Exercise 2.1 — Create a new document

  1. Use your editor to create a new, empty document

    If your editor insists on filling your new document with template material, delete it all so that the file is empty

  2. Type in a Document Class Declaration as shown above

  3. Add a font size option if you wish

  4. In North America, omit the a4paper option or change it to letterpaper

  5. Save the file (make up a name) ensuring the name ends with .tex

Global options

In addition to any options specific to the document class, it is also possible to put package options in the \documentclass options argument instead of in the \usepackage command (see § 3.1.2 below), provided they are not implemented by more than one package. Packages which do not implement the named option at all are supposed to silently ignore it.

  1. Readers familiar with SGML, HTML, and XML will recognise the concept as similar to the Document Type Declaration (it’s still called a ‘type’ there, not a ‘class’). 

  2. Theses and dissertations require an Abstract, which is provided in the report class but not in the book class. Many universities provide a special thesis class of their own. 

  3. The built-in letter class is rather idiosyncratic: I don’t recommend it as there are much better ones you can use which you will find in the memoir package and the komascript bundle. 

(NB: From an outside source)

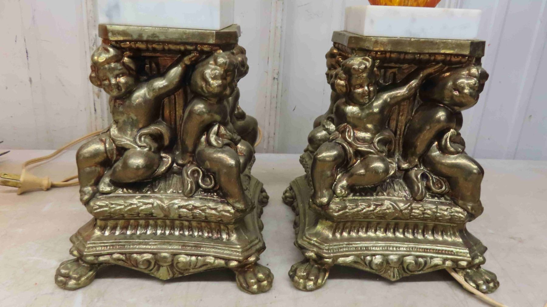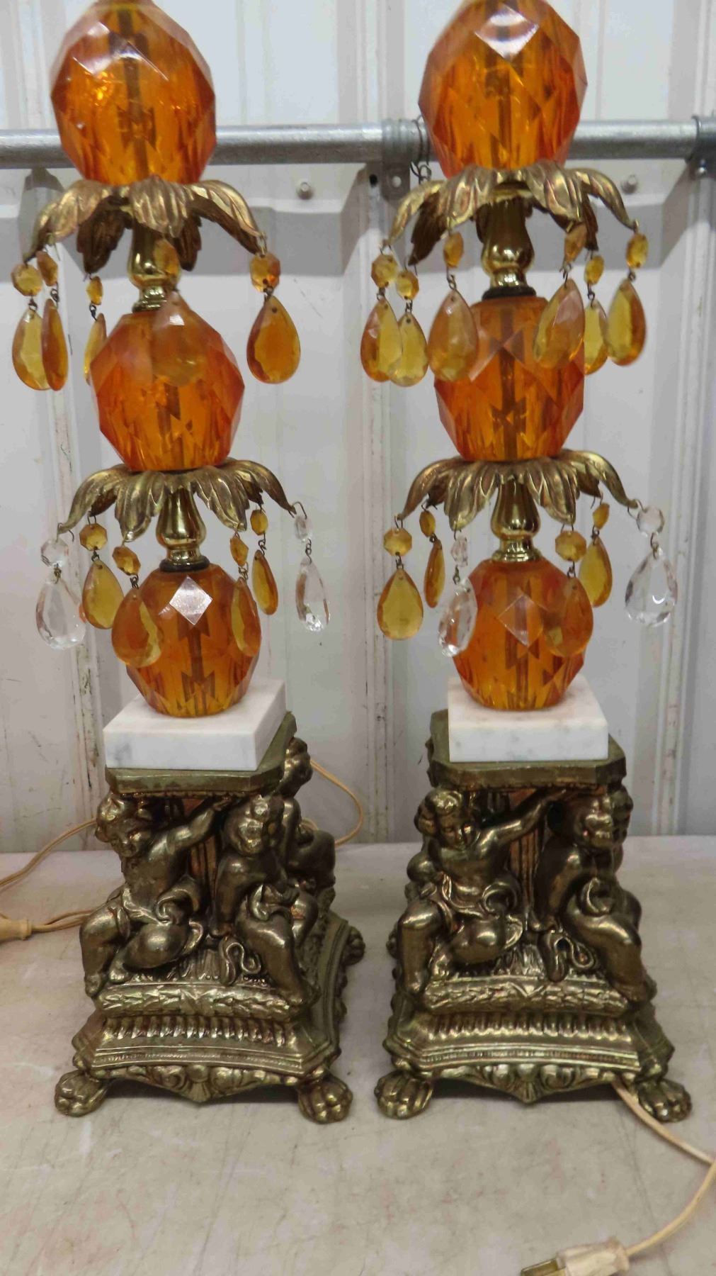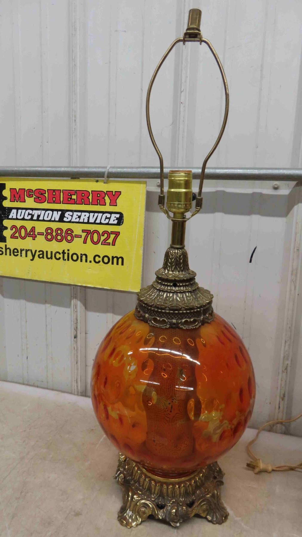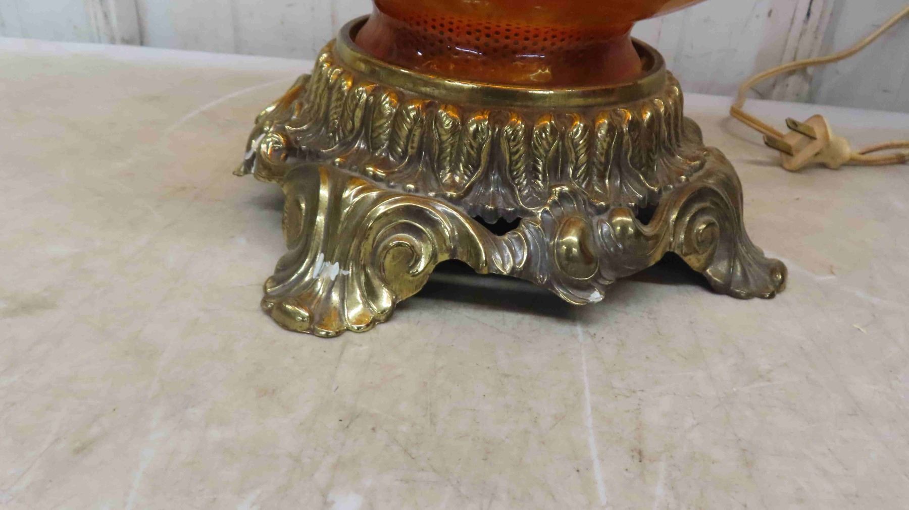 3 Brass + Amber Colored Table Lamps : (2) 31 , (1) 28  - NO Shades

  4. For most other purposes, especially for publication, you can use LATEX packages to extend these classes to do what you need. 

  5. ‘Letter’ size is 8½″×11″, which is the trimmed size of the long-obsolete Demy Quarto, still in use in North America. Other common US office sizes are ‘Legal’, which is 8½″×14″, a so-called ‘bastard’ (variant) cutting similar to the old Foolscap (8¼″×13¼″); Ledger or Tabloid (11″×17″, which is exactly twice ‘Letter’, in the same way that A3 is twice A4); and ‘Executive’ (7″×10″). The US still has many other sizes that are obsolete elsewhere, especially in government offices. International Organization for Standardization (ISO) standard ‘A’, ‘B’, and ‘C’ paper sizes, used everywhere else in the world, are still largely unknown in much of North America. 

  6. Note that the standard built-in document classes (book, article, report, or letter) only use the paper size to adjust the margins: they do not embed the paper size name in the PostScript or PDF output. For this you need the geometry package in order to ensure that the paper size name gets embedded correctly in the output, otherwise printers may select the wrong paper tray, or reject the job.